Slowly Jesus Gomez made his way along the dark planking of the ship, shining the special deep light ahead of his steps, careful not to put his full weight on any plank lest he fall into the hull. Small fish darted in the bright beam, a hole of light in the great darkness of the silent deep. The wood was intact but not strong, not after more than four hundred years. When he reached the stern hatch, his light picked up white skulls, piled like cannonballs in a pyramid.
"Santa Maria," gasped Jesus Gomez.
"You're there," came down Harrison Caldwell's voice. "Wait for the camera." Even two hundred feet down, Jesus could see the strong lights break the surface above. By the time the lights were within the reach of his hands, they were blinding. He had to shut his eyes and grope. Once he had them pointed away, he saw they were mounted on a still camera, a very large still camera, strangely large considering that a movie camera would have been half the size.
"Leave the skulls where they are," came Mr.
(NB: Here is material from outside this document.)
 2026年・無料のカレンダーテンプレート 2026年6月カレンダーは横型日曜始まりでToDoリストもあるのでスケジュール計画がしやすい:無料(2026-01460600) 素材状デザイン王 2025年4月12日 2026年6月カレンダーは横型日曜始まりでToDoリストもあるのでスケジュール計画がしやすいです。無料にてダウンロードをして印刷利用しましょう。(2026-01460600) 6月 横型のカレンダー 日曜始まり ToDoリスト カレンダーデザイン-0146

Caldwell's voice. "Let yourself and the camera down, carefully down, on the prow side of the skulls. You will be walking toward the center."
"I am afraid of my air."
"You have twenty more minutes of work to do to collect the rest of your fifty thousand. Come, come. You are not really in a negotiating position."
When Jesus Gomez shone the light into the dark hull with ribbing torn from the capsizing that took place centuries before, the words "sir" and "mister" came very slow from his throat. But they came nevertheless. Always mindful of his air line, he called for more, and pulled it in a loose coil to his side, careful to avoid a crimp. He would know when he had a crimp. He simply wouldn't be able to breathe.
With the coil carefully at his side, he allowed himself to fall slowly into the hull, prayers on his lips all the way.
It was an insane way to dive, he knew. The camera came with him, its lights making sunshine on wood turned coal black by centuries of the Atlantic. His weighted diving boots kicked a bar and the bar did not move. Heavier than lead. He shone the light down, and it was what he suspected. Gold. A bar of gold. No, tons of gold, piled along the entire length and width of the hull stacked like cordwood in some peasant's hut. No wonder Mr. Caldwell so easily agreed to fifty thousand dollars.
"Do you want me to photograph your gold now, Mr. Caldwell, sir?" said Jesus Gomez, the words now a joy because he knew why the money could be so plentiful. He was no longer obsessed with the danger of the dive, but with the richness of it.